At the meeting, I talked for a good 40 minutes, answered questions; everyone seemed very nice and eager to Stop. The. Big. Bad. Wolf. of Conversion Therapy. Some of the Committee members hadn't even been born when I was in my own therapy. I'm not sure how I felt about that, but I felt old.
I left, then heard nothing. Weeks passed. I emailed again, thanked them for inviting me to the meeting, to which they responded and said, "Oh, we were just about to email you. We will follow up with you next week, and invite you to join a sub committee about banning reparative therapy in British Columbia."

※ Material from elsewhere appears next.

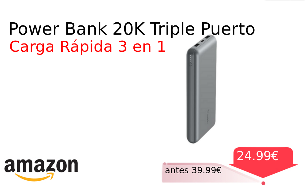 Más de un 30% 🚀 Power Bank 20K Triple Puerto❗️🆕 #Amazon 🇪🇸 📛Precio Ya 24.99€❗️ (PVP: +39.99€) ✨Batería externa de 20000mAh con tres puertos para carga simultánea Incluye cable y ofrece carga rápida para iPhone Galaxy iPad y otros dispositivos móviles. cholloya.com/BATERIA_20000MA
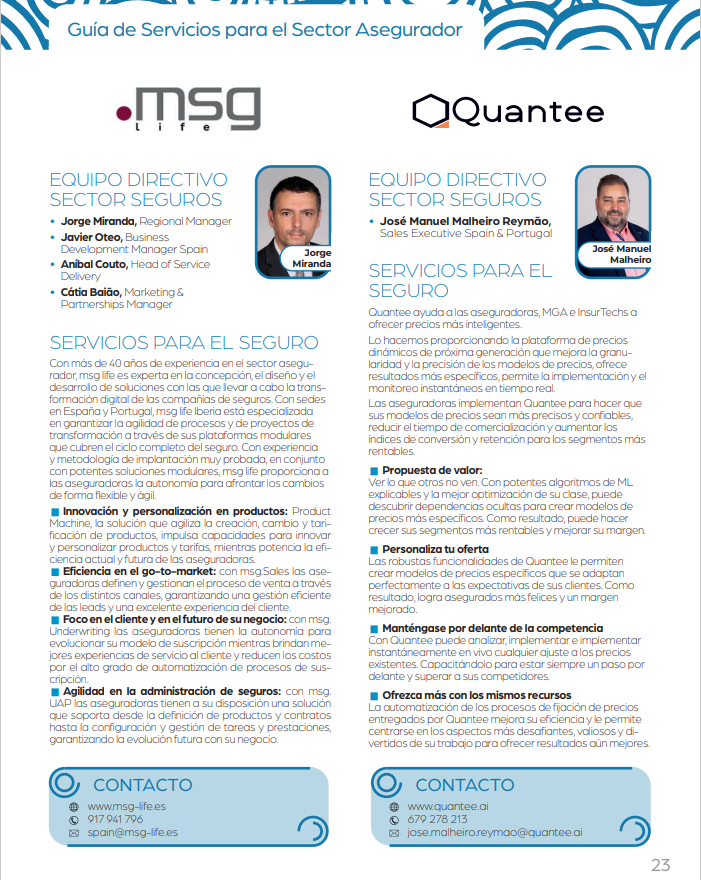msg life destacada en el Guía de Servicios para el Sector Asegurador, una publicación de Inese

Weeks wore on; now months. Still no word. I don't care anymore. No, that's not true. Yes it is. Not it's not. I don't know anymore. I'm tired, and I'm mad. I can't stand the waiting. I can't wait for politicians, or committees. Bureaucracy makes me crazy. I can't stand trying to make my point that "conversion therapy" is dangerous, that it causes harm, that it hurts people, that it hurt me. I take it all far too personally. The issue is a very personal issue to me. Frankly, I don't know how it is I'm still alive today. The medications that the doctor prescribed to try and "kill" my sexuality (my homosexuality) nearly killed me. I overdosed. I should have died. Thankfully, I didn't die. I'm alive. I try and make a difference. I wrote a book. I spent a very long time writing this book, The Inheritance of Shame: A Memoir, to try and "get it right." Maybe someone will read it. Maybe it will help one kid. Maybe one parent will read it and think twice about sending their gay or trans kid into "conversion therapy." I hope so. I really do. That's my prayer.